Belize’s approach creates incentives for fishing communities to become stewards of their fisheries.
At the center of the solution being adopted by Belize is “Managed Access,” a combination of secure fishing rights and empowerment of fishermen.
Under this approach, fishers and fishing communities control their own future through licenses, giving them access to fish in specific geographic areas–or Territorial Use Right for Fishing–of the fishery, and responsibilities to help manage the areas and observe regulations.
Together, managed access and no-take zones are designed to help rebuild fish populations while protecting critical habitat.
The newly announces expansion will help Belize meet the challenge of protecting the second largest barrier reef in the world, while ensuring its resources can help meet sustainable development goals.
“These expanded no-take zones combined with sustainable fishing are essential for achieving Belize’s objectives for environmental conservation and biodiversity while providing a source of healthy nutrition and food security, and jobs in some of our most vulnerable communities,” said Wade.

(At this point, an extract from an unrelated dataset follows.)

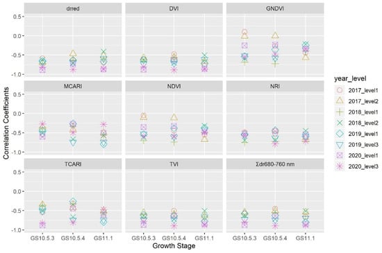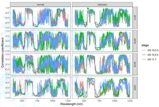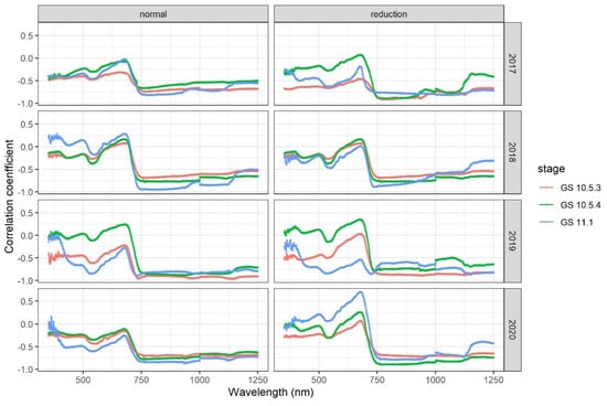 The overall patterns of correlation of canopy spectral reflectance with mildew DI were similar at the three growth stages under both the standard and reduced nitrogen input levels in all four seasons (Figure 1). Correlation between the spectral reflectance in the visible red wavelengths (650–680 nm) and DI differed in its magnitude among seasons; for the low nitrogen input treatment, the correlation was only significant at GS10.5.3 in 2017, and GS11.1 in 2019 and 2020. There was no significant correlation between the reflectance of the red band and DI for the standard nitrogen input treatment. The reflectance of the near-infrared band (750–880 nm) was negatively correlated with DI: the correlation coefficient was less than −0.50.

The organization added it hopes that the approach will open up new opportunities for the seafood industry, and for blended and private capital to finance the reform and governance of fisheries.
The EDF estimates that more than $200 billion of investment is needed globally to implement sustainable fishing reforms.
“These remarkable efforts in Belize have already demonstrated reductions in illegal fishing, models of community-based co-management of fisheries, and improvements in the health of its valuable coral reef ecosystem,” said Larry Epstein, Director for EDF. “Those looking to invest in countries committed to sustainable fishing reforms should take note.”